Berater: Pak hat sich noch Bedenkzeit erbeten
Braunschweig Ausleihe des nordkoreanischen Stürmers ist laut Karl Messerli noch nicht vom Tisch
Am Wochenende schien es, als sei der Transfer von Kwang-Ryong Pak zu Eintracht Braunschweig nur noch Formsache. Nun aber ist die Ausleihe des beim FC Basel unter Vertrag stehenden Stürmers aus Nordkorea ins Stocken geraten. Über die Gründe sprach Sportredakteur Christian Schiebold am Donnerstag mit Paks Berater Karl Messerli.

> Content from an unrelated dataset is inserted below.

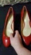 Women's red shoes, used. M width (narrow). There's a couple of water stains on left shoe. More clear in video.

Herr Messerli, Ihr Schützling hat nach dem Probetraining in Braunschweig von Eintracht geschwärmt. Warum zögert er jetzt?
Grundsätzlich will er immer noch nach Braunschweig. Sie dürfen jedoch nicht vergessen, dass Pak noch nie in seinem Leben Entscheidungen treffen musste. Er ist in einem Land aufgewachsen, wo andere Leute das für ihn übernommen haben.
In der Schweizer Tageswoche heißt es, das Thema Ausleihe sei bereits vom Tisch...
Das stimmt nicht. Er hat sich einfach noch ein paar Tage Bedenkzeit erbeten. Ich bin froh, dass die Braunschweiger Verantwortlichen ihm die geben, auch wenn es für sie sicherlich sehr ungewohnt ist. Bis zum Wochenende muss er sich aber entscheiden.
Wie schätzen Sie die Chancen ein?
Braunschweig hat nach wie vor sehr gute Karten.